I did not get 7 on C1 during the camp, but I can solve it now. Here's the solution (close to the official solution) Arrange the number like this: 1,3,2,4,6,5,7,9,8,...,2020,2019,2021 This way, everything but 2021 and the multiple of 3 are good numbers. We go on by proving there could not be 3 adjacent numbers that are good. Proof: let n, n+1, and n+2 are all good numbers, then it must arrange in one of the four ways. 1. n, n+2, n+1 In this case, n+3 must be next to n+1, and n+2 would not be a good number, leading to a paradox. 2. n+2, n, n+1 In this case, n+1 isn't a good number (cause it's not next to n+2 and n+3 is not in between), causing a paradox. 3. n+1, n, n+2 In this case, n+1 isn't a good number (reason same as above), causing a paradox. 4. n+1, n+2, n In this case, n+2 can't be a good number (same as the first case) So, we're done proving that there couldn't be 3 adjacent good numbers. This way, we know all multiple of 3 won't be a good number, so we couldn't do better than the arrangement shown before, which would have 1346 good numbers. (I forgot to eliminate the number 2021 during the camp, and I got a 5 ) (sorry for my bad grammar and not putting LaTeX)

I get the same answer, but I don't quite follow your solution. You have proved that no $3$ consecutive good numbers. If we replace $2021$ by $n$, the proof goes like: If $n \equiv 0 \pmod 3$, we can group numbers into triples, so there are at most $\tfrac{2n}{3}$ good numbers. If $n \equiv 1 \pmod 3$, we can first find a bad number, then group the remaining $n-1$ numbers into triples, so there are at most $\tfrac{2(n-1)}{3}$ good numbers. But for $n \equiv 2 \pmod 3$ ( $2021$ is the case), I don't think you can say $\tfrac{2(n-2)}{3}$ directly. My solution involves messy (but not hard) local analysis on the structure of numbers if $2$ out of $3$ consecutive numbers are good. I would post it if needed.

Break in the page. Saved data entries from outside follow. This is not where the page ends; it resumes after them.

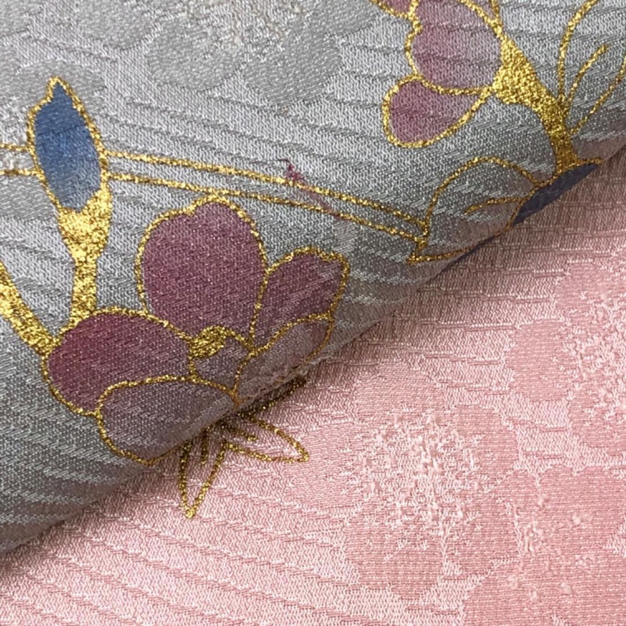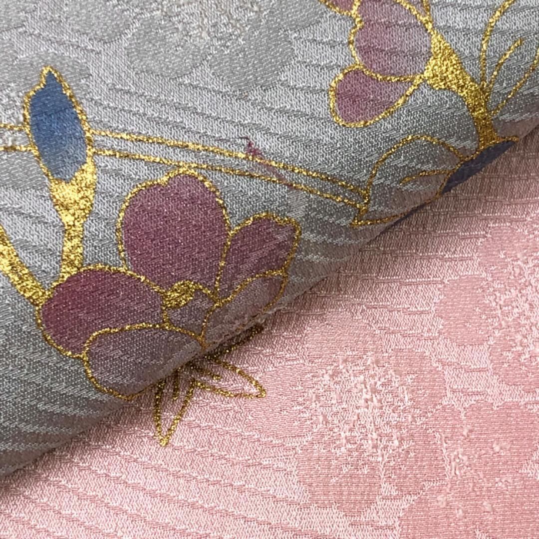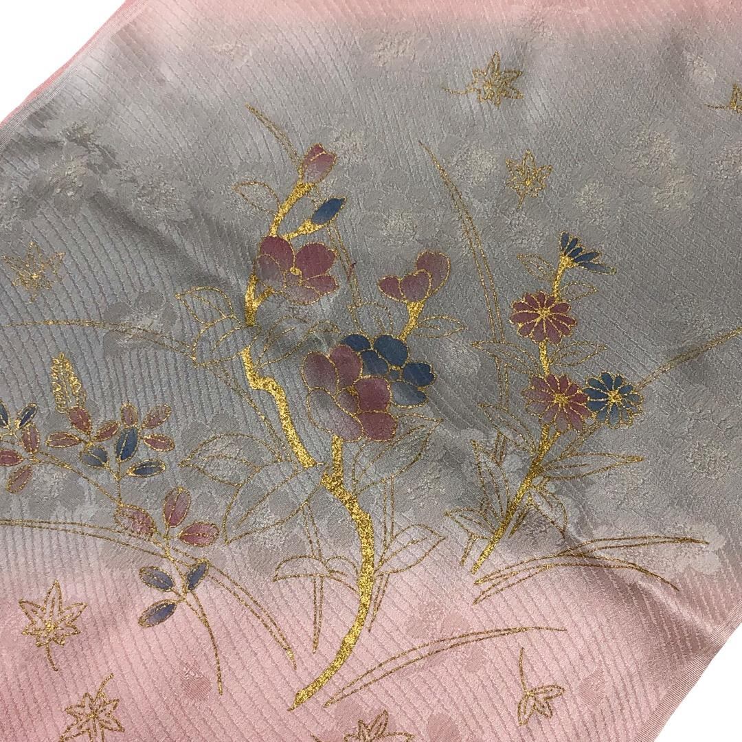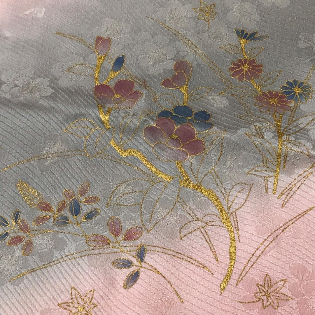 退紅色ベースの暈しのお色味に綸子の帯揚げ、平組紐の帯締めの素敵なお品でございます。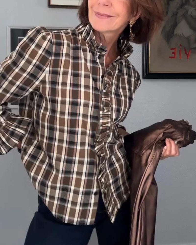 חולצה ארוכת שרוולים עם דוגמת משבצות פטריות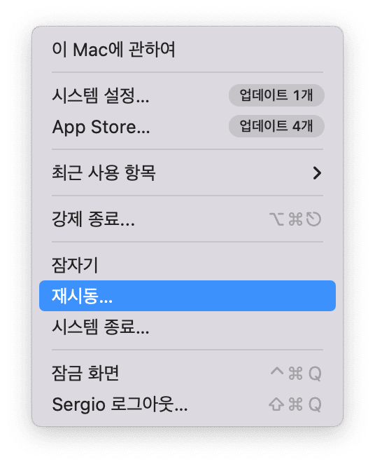 Mac을 재시동하면 임시 파일이 지워집니다. 최신 Mac에서는 시동 디스크에 대한 검사를 수행하기도 하죠. 원인을 파악하기 어려울 때 시도해 볼만한 좋은 방법이며, 실제로 효과를 보이는 경우도 많습니다.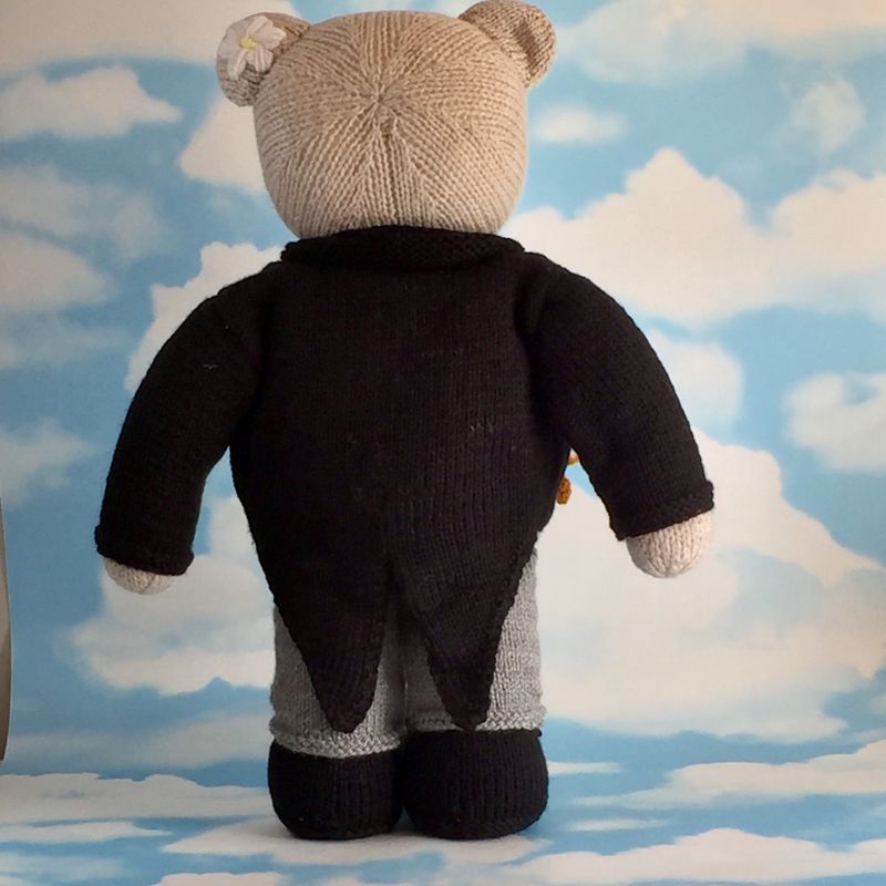 This is Windflower bear Burdock, a handmade, one-of-a-kind bear. Hand knitted to a high standard and comes with it's own individually designed hand knitted outfit. A special windflower is embroidered on the left ear and each bear arrives in their own protective linen bag. Comes with a card containing bear's details of birth,to which we can add recipients name and a phrase or quote of your choosing, up to 70 characters long. To make your bear extra special, we can stitch up to two initials onto the right ear, free of charge. All bears stand approximately 38 cms tall and are approximately 25 cms wide. Made from acrylic yarn and can be machine washed and tumble dried on a delicates cycle. Bears are filled with 100% Hi-loft polyester soft filling, which conforms to BS1425, BS5852, EN71 and are CE marked. PLEASE NOTE; Due to the nature of wool and the tendency of young children to suck their toys, children under 3 yrs should be supervised. **PRICE INCLUDES - Free UK shipping and reduced rates to the rest of the world.**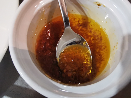 Vinaigre blanc Balsamique, huile d’olive, 1/2 cc de Pesto Rosso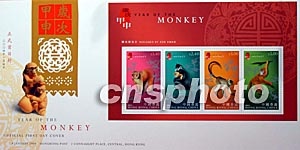 一月四日,香港郵政發(fā)行新一套農(nóng)歷新年“歲次甲申(猴年)”特別郵票。圖為其首日封。作者:潘索菲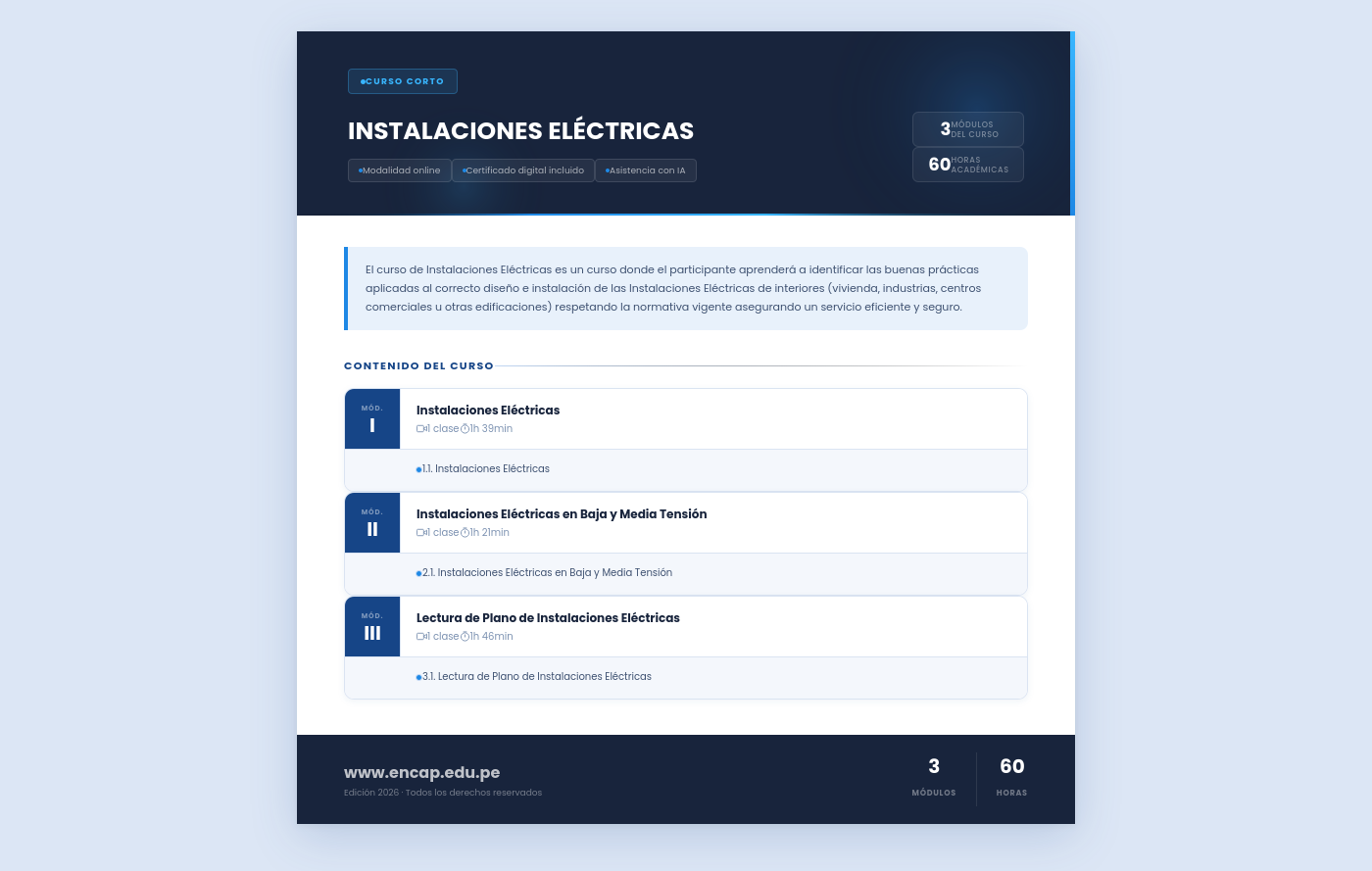 El curso de Instalaciones Eléctricas es un curso donde el participante aprenderá a identificar las buenas prácticas aplicadas al correcto diseño e instalación de las Instalaciones Eléctricas de interiores (vivienda, industrias, centros comerciales u otras edificaciones) respetando la normativa vigente asegurando un servicio eficiente y seguro.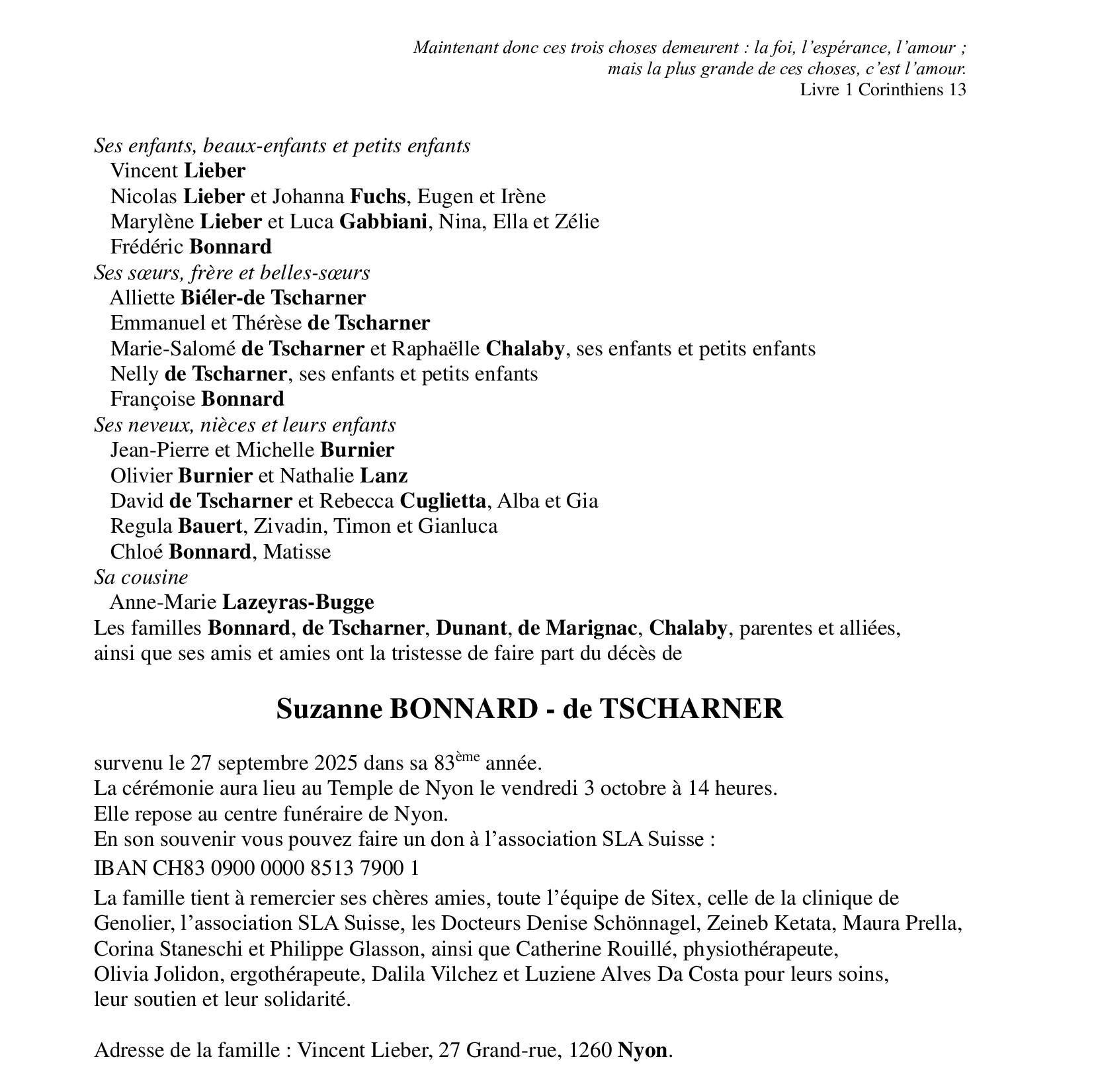 Avis mortuaires / Remerciements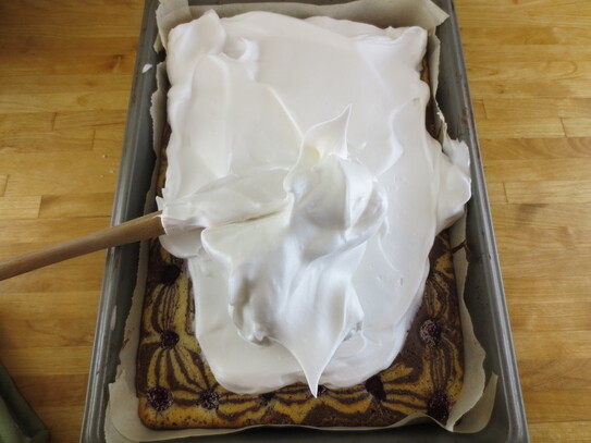 După ce au trecut cele 30 de minute, tava se scoate din cuptor. Spuma bătută se întinde pe deasupra într-un strat uniform.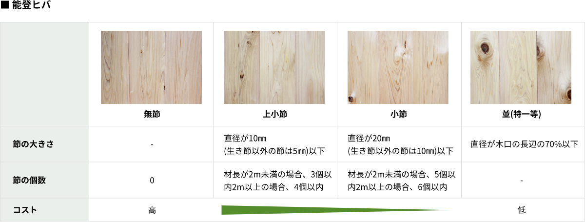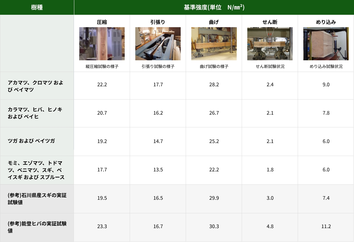 もちろん県産スギ、能登ヒバも、ともに国土交通省が定める製材の基準強度(無等級材)を上回っており、建築用部材として問題なく使用できます。

By doing the casework as #1 did, we show that there can be atmost $2$ good numbers within three consecutive numbers. To handle $2021$,we see by this logic that since $1,2$ are good ,it can't be good. Thus we get that the number of good numbers $\le 2* 673$. Now,we show the straightforward construction $1 , 3 ,2, 4 , 6, 5, 7...2020 , 2019, 2021$. hence,the maximum number of good numbers is $1346$.